Get values from string with only space seperators

Hello,

I am reading a PDF text, and isolating a table. I am then splitting the table data up into seperate substrings in an array.

I am trying to split the substring data up, to get a name, a set of dates, and a cost value. The data is split up by spaces, and looks something like the data below (required values are in bold):

Scheduled Payment Mr John Smith 01/10/20-31/10/20 2,444.44
Scheduled Payment Mrs Paula Smith 01/10/20-31/10/20 5,283.98
Scheduled Payment Miss Susan May Smith 01/10/20-31/10/20 1,000.01
19423492 Sample Company Name (01)
Scheduled Payment Mr John Jones 01/10/20-31/10/20 2,444.44
Scheduled Payment Mrs Jess Mae Jones 01/10/20-31/10/20 5,283.98
Scheduled Payment Miss Susan Jess Jones 01/10/20-31/10/20 1,000.01

The data is semi consistent, the only things that will change is the cost value, and the name may have a middle name in, like the third line of the example. All of the “Scheduled Payments” are in groups under a company name.

What is the most efficient way of splitting up these values and assigning the sections to variables? I was thinking of a regex, but I can’t get my head around them. Could someone help?

Thanks in advance.

I would recommend using one regular expression with three groups:

(?<=Scheduled Payment )(.+) (\d{2}/\d{2}/\d{2}-\d{2}/\d{2}/\d{2}) (\d+,\d+\.\d+)

Use the Matches activity with the pattern above and then loop through the matches with a For Each activity. For each item you can get the values like this:

Name = item.Groups(1).ToString
Date = item.Groups(2).ToString
Cost = item.Groups(3).ToString

1 Like

Hi @ptrobot,

This is the sequence including the Matches activity. I am looking at the locals panel during running, and the variable used in the activity, MatchedItems, does have a value, see below:
image

This is the Matches activity panel, have I set it up correctly?

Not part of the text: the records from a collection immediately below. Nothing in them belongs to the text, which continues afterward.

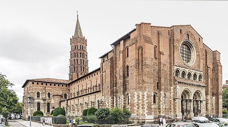 Здания по обе стороны композиции – наиболее культовые сооружения местности. Справа изображена базилика святого Сернина, строительство которой началось ещё в конце IV века (на фото). Сернин – изменённое на местный манер имя римского бога Сатурна, а аббатство Сен-Сернин является одним из древнейших во Франции. Нарисованная слева крепость подразумевает под собой замок в местечке Нарбонн недалеко от Тулузы.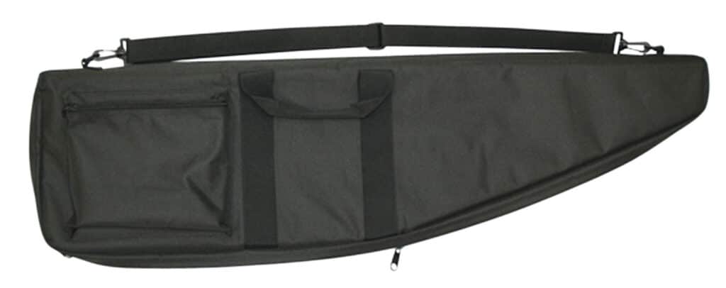 Bob Allen’s 36″ Black Tactical Rifle Case is water resistant, made of coated poly with poly webbing and an external storage pocket (10X9). The case has self healing nylon zippers, foam padding and poly webbing carry handles and shoulder strap.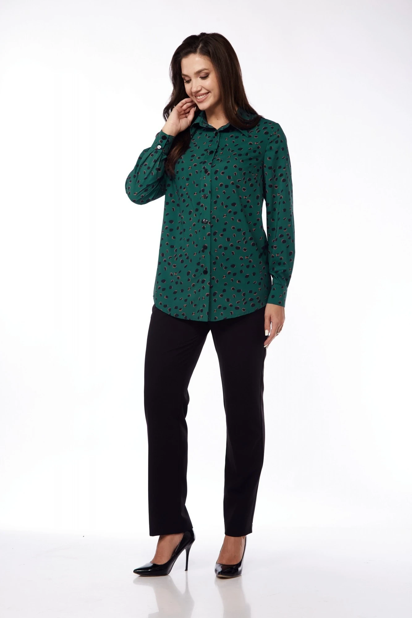 46р (ПОЛУОБХВАТ ГРУДИ 54, ПОЛУОБХВАТ БЕДЕР 57, ДЛИНА блузы 73, ДЛИНА РУКАВА 61, ШИРИНА РУКАВА ВВЕРХУ 19, ШИРИНА МАНЖЕТА 10, ПОЛУОБХВАТ ТАЛИИ брюк 38, ПОЛУОБХВАТ ТАЛИИ брюк (в растянутом виде) без резинки, ПОЛУОБХВАТ БЕДЕР брюк 52, ДЛИНА БРЮК 104, ШИРИНА НИЗА БРЮК 20);
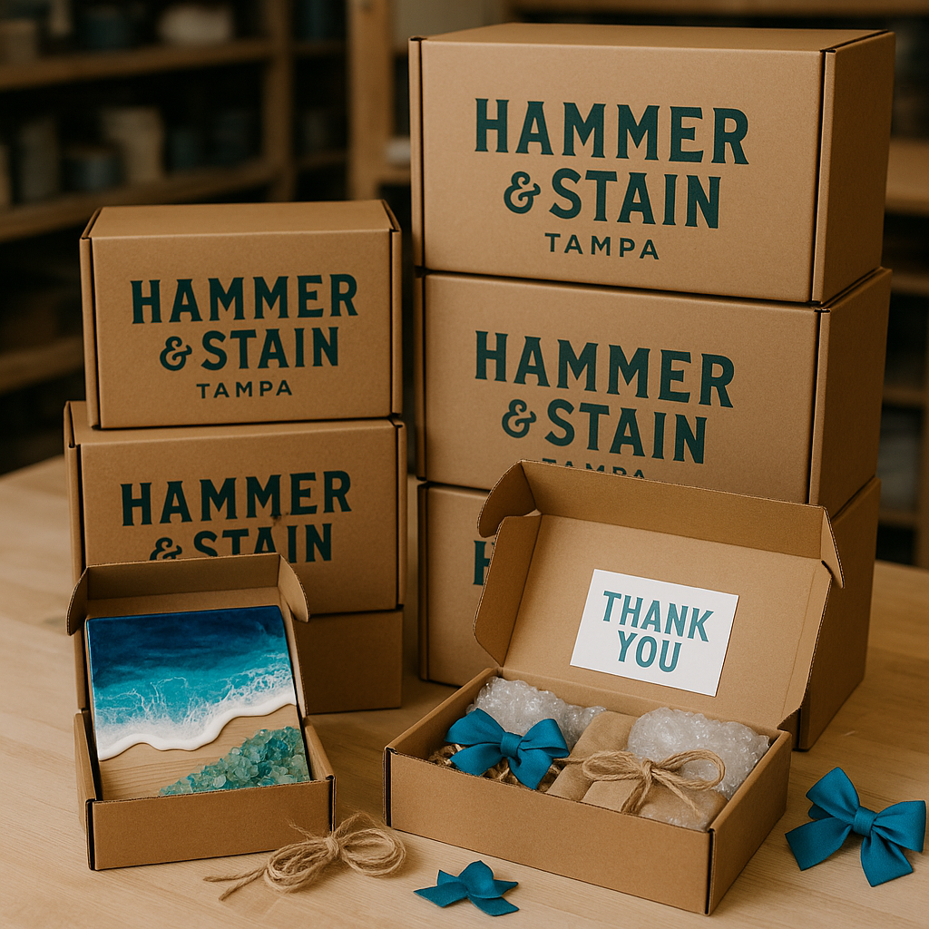 At Hammer & Stain Tampa, we believe everyone is creative—you just need the right space to explore it. Whether it’s a cozy get-together, a special celebration, or a corporate team-building session, we bring the DIY magic straight to you. With curated projects, guided fun, and zero clean-up stress, it’s time to relax, create, and connect.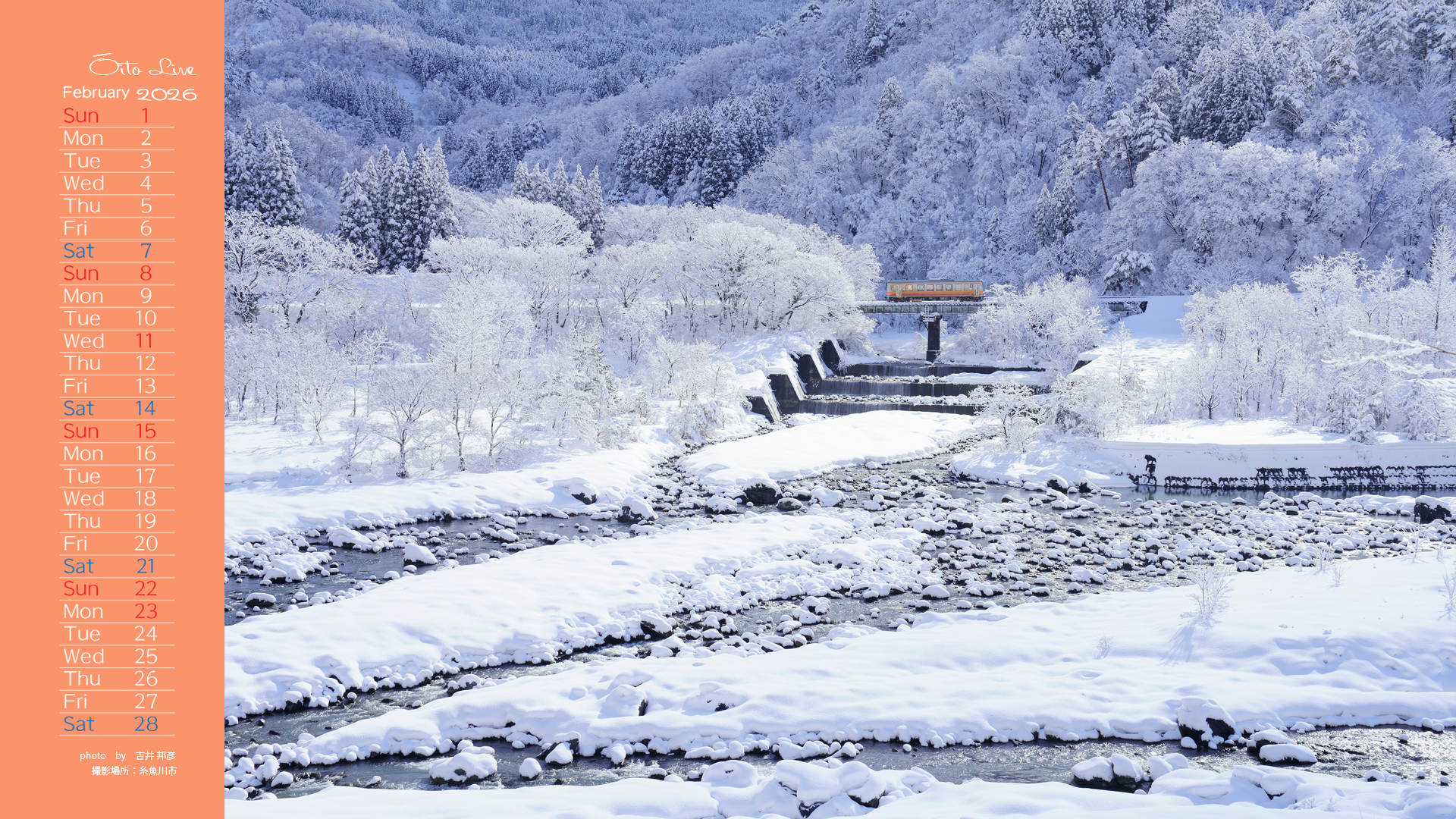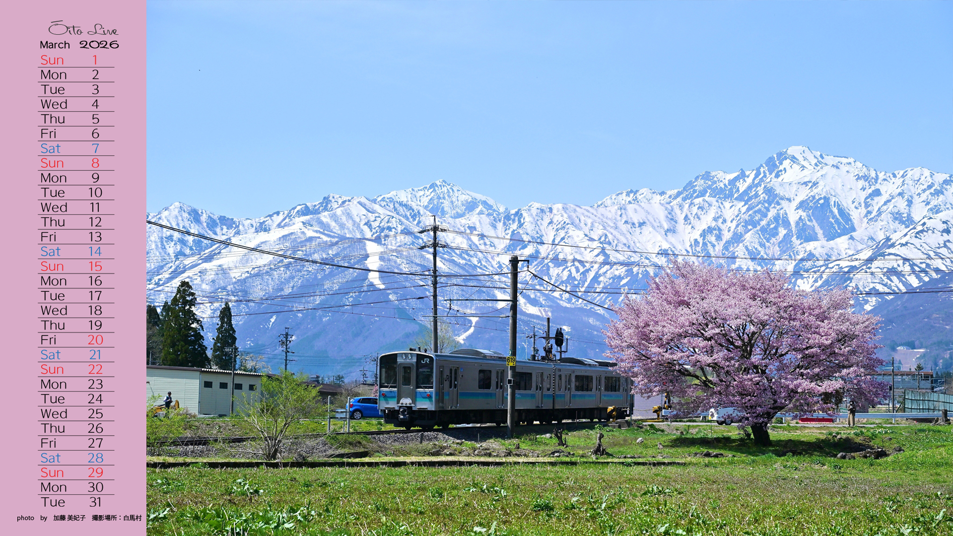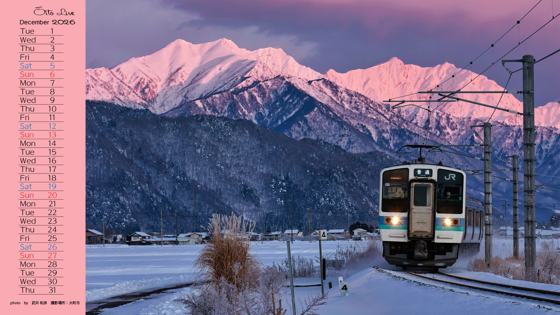 大糸線利用促進輸送強化期成同盟会では、「2026大糸線カレンダー」の掲載写真を使用した大糸線壁紙カレンダー(2026年版)を制作しました。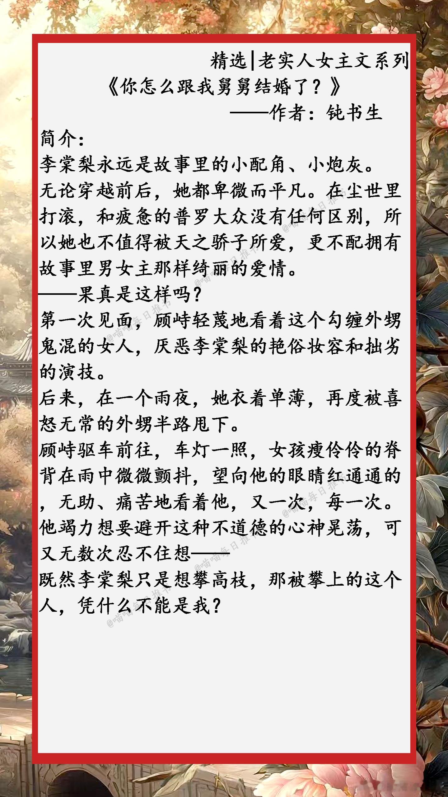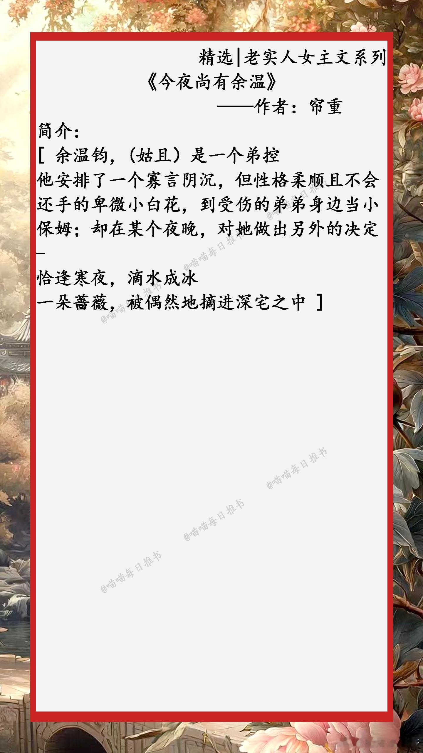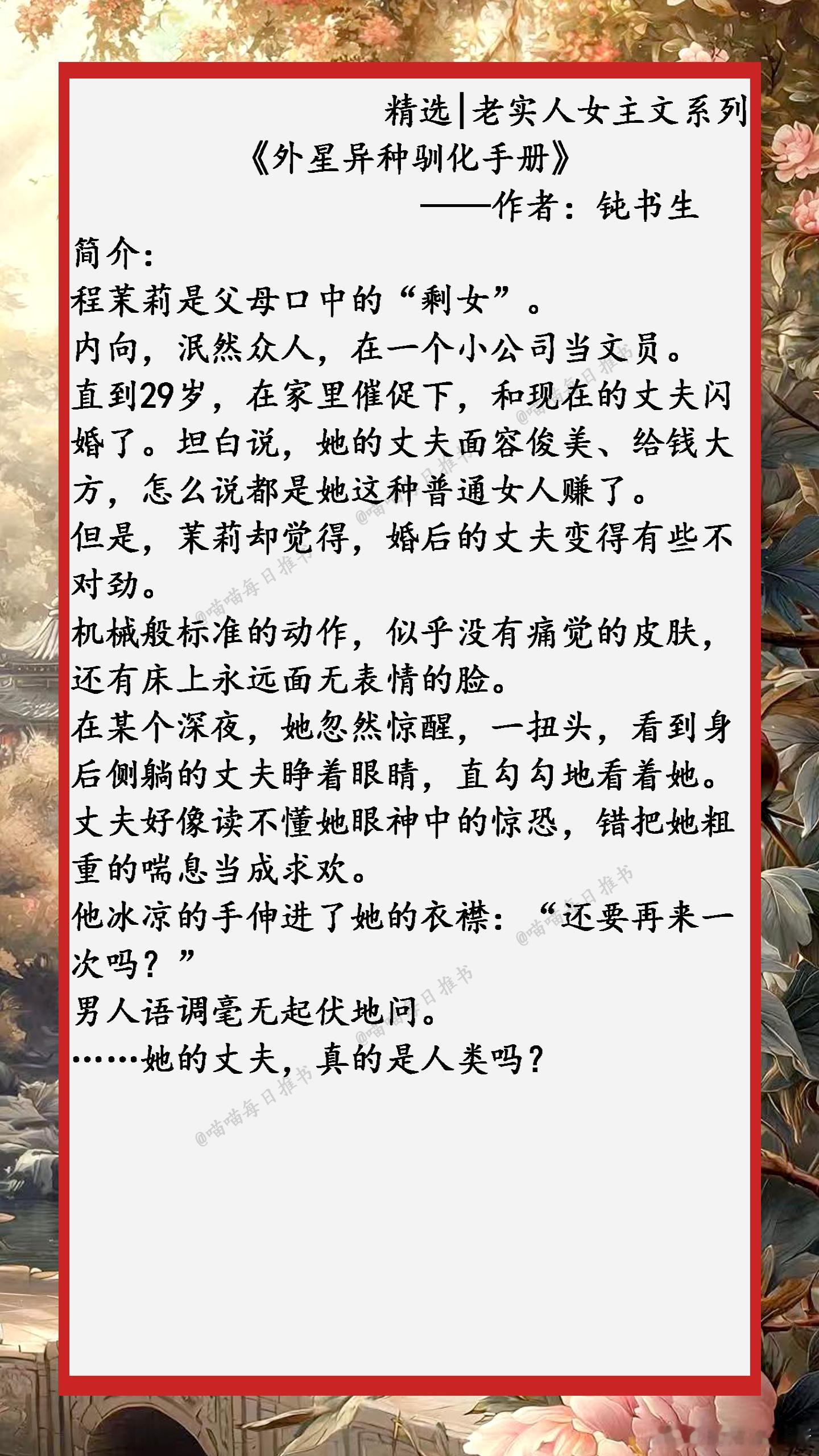 精选【老实人女主文】系列合集:心动的感觉,是胃里飞舞着一千只蝴蝶......好看的小说小说推文 1、《怀上权臣男主的崽》——作者:草灯大人2、《外星异种驯化手册》——作者:钝书生3、《循环热恋》——作者:礼也4、《迷魂阵》——作者:锦葵紫5、《好眠金鱼》——作者:吃一首诗6、《今夜尚有余温》——作者:帘重7、《你怎么跟我舅舅结婚了?》——作者:钝书生8、《秋色到空闺》——作者:何双成9、《兄友之妻》——作者:画青回

Here’s the activities also:

If you are using the Regex Builder, don’t use Literal, change it to Advanced.

My recommendation is, if you already have the regular expression, then just paste it in the Pattern field in the Properties:

image

The TypeArgument for the For Each activity should be RegularExpressions.Match.

image

In the message box you need item.ToString to get the full match or item.Groups(x) to get the different groups.

Here’s an example: RegExGroupsTest.xaml (6.3 KB)

1 Like

Hi @ptrobot,

I have copied the properties you have set and dragged in a new matches activity, but still the same empty match I had shown above.

When there are no matches, what is the value of you variable line? (Assuming that it’s the input string to your Matches activity.)

1 Like

The first two lines are blanks, but everything after that is the same format I specified in the initial post. I didn’t add the VAT payment amounts though:
Untitled

Apologies for the data redaction, it may not be as clear now, but this is sensitive information from a client and not made up names I used for an example

Are you using Matches with each line as an input string separately? In that case, you won’t get any matches for the first two empty lines and not for the VAT lines either.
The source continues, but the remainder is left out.